The transmitter consists of one LPF and six BPFs. All BPFs outputs are multiplied by the lowest frequency component of those bands at the multiplier block. Then outputs are PCM and then added by summer. Finally the summed output is put into channel (Fig. 51.3).

Fig. 51.3
figure 3

Block diagram of subband receiver

At the receiver signals are decoded by seven decoders. Then each signal is passed through LPF of cut-off frequency f1, f2–f1, f3–f2, etc. From the second to the seventh signal outputs are multiplied by their respective lowest frequency components and then passed through BPFs of f2–f1, f3–f2, etc. Then the outputs are summed up to get a replica of the original signal.

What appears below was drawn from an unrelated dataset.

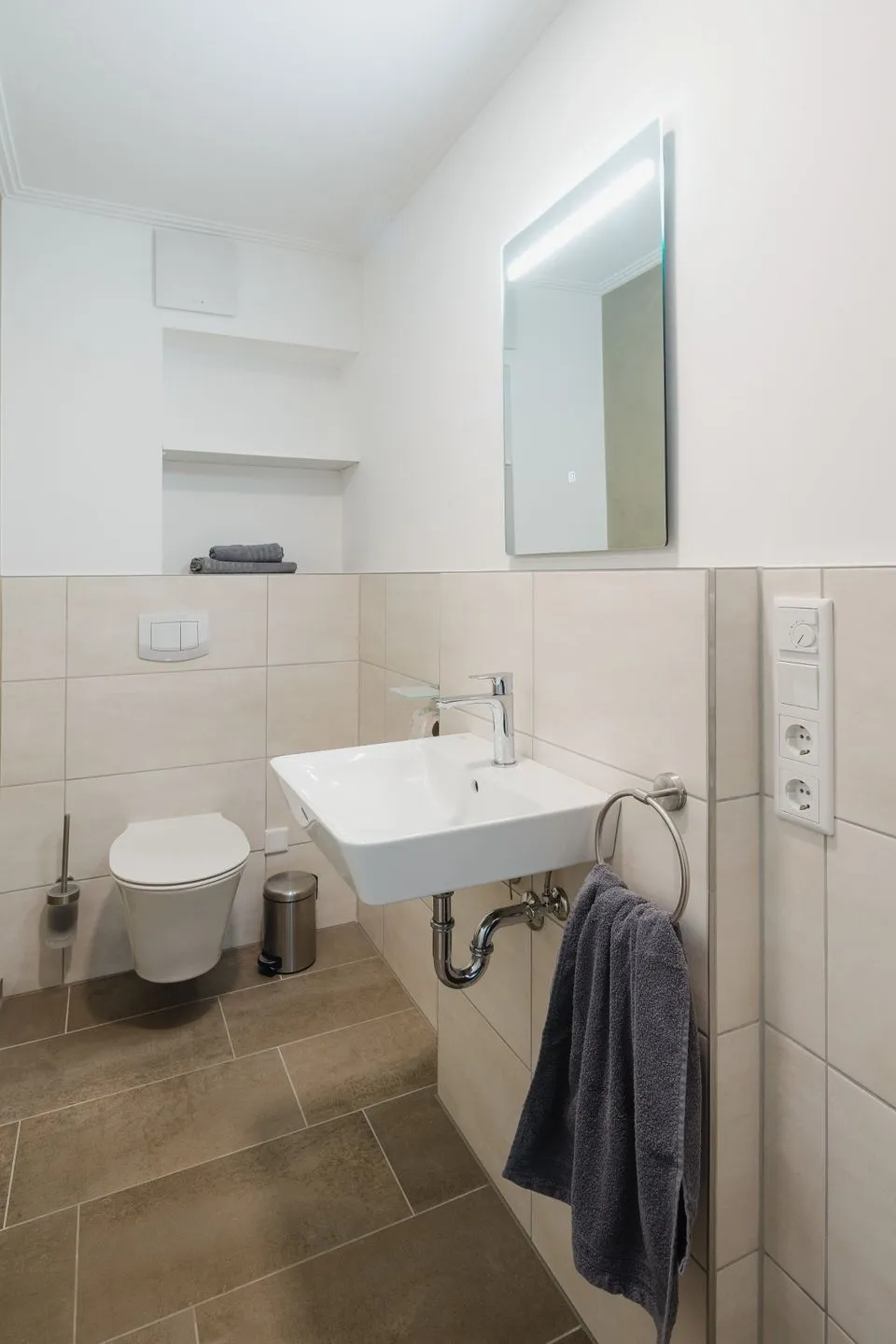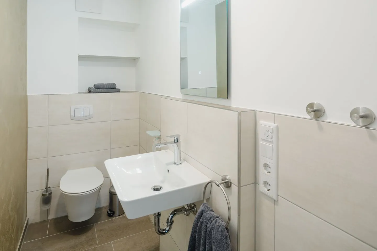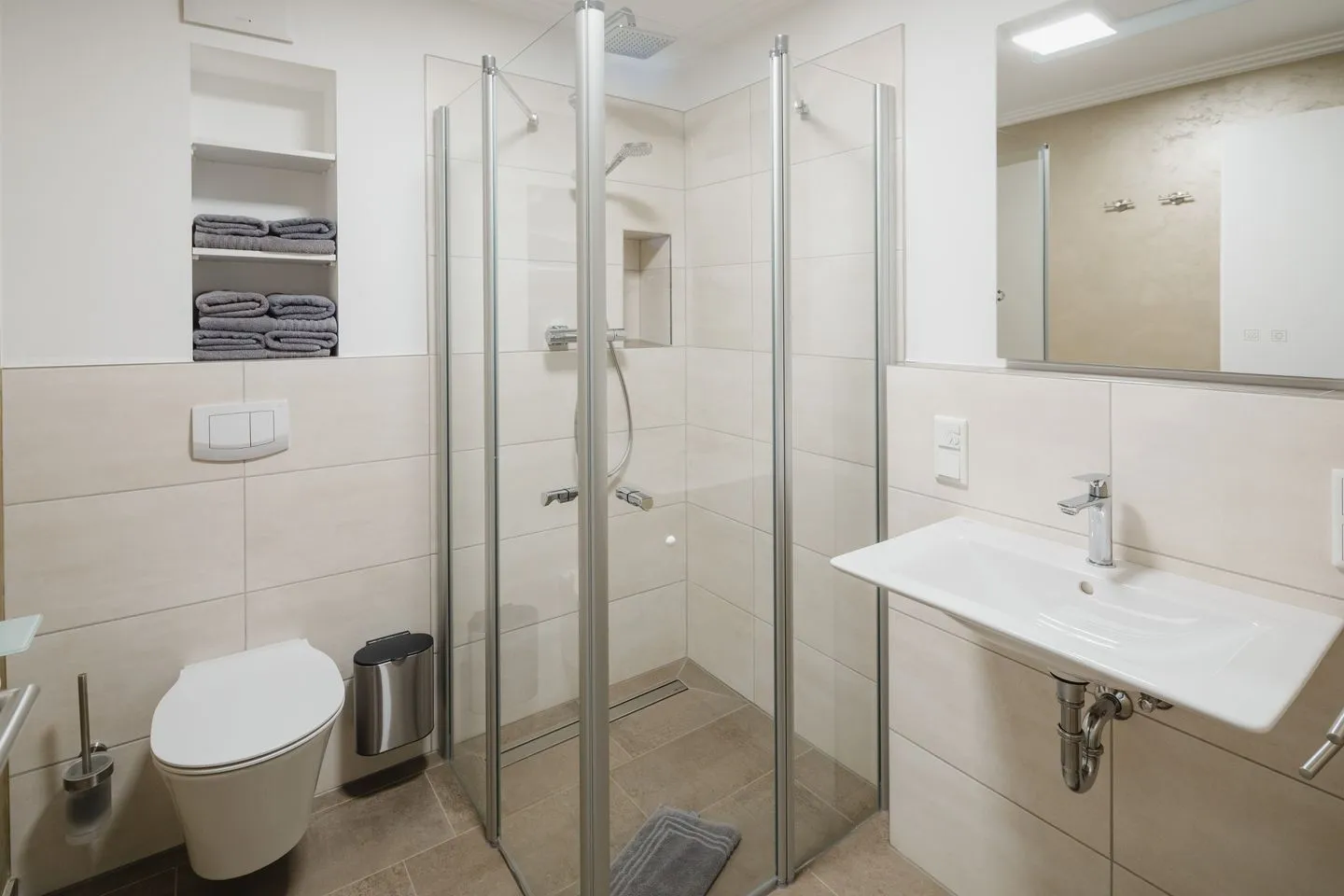 Modernes Badezimmer mit bodengleicher Schauer-Dusche, WC, Waschtisch und Handtuchheizung. Fön/Haartrockner vorhanden. Ihre Ferienwohnung bietet ein separates Gäste-WC.

4 Proposed Method with Log Normal Distribution PSD

Speech Coding follows different probability distributions. Authors have already worked with Gaussian and Raleigh Distributions [7, 8]. Here, they have chosen Log Normal Distribution and followed the same procedure as earlier. The results are shown below.

4.1 Mathematical Validation Using MATLAB Simulation

(See Figs. 51.4, 51.5 and 51.6; Tables 51.1 and 51.2)

Fig. 51.4
figure 4

Cumulative data rate versus frequency

Fig. 51.5
figure 5

SNR versus frequency

Fig. 51.6
figure 6

Probability of bit error

Table 51.1 Data Rate, SNRmin, BER of Log Normal Distribution
Table 51.2 Comparative list of different distribution with their data rates

5 Conclusion

It is evident from the above discussion that both subband coding and existing 64 Kbps line have almost negligible probability of bit error but subband offers lowest data rate bandwidth ever possible. Authors have used different probability distribution for speech coding for validation. Log Normal Distribution shows the least. Therefore it can be deduced that subbanding generates all the possible significant footsteps towards data rate as well as bandwidth savings without losing any significant information and probability of bit error is also least or may be said negligible. PCM requires high bandwidth as well as data rate. But PCM and DM have almost the same SNR up to 30 dB. After 30 dB PCM shows performance-wise better results than DM. It has been shown by Matlab program. If more subbands are used, data rate can be reduced more and more accurate approximation of the original voice signal can be reconstructed. Therefore, authors can conclude that communication engineering will be immensely benefited by using this scheme. There are a lot more distribution support speech signals. These distributions can be simulated and results can be found out.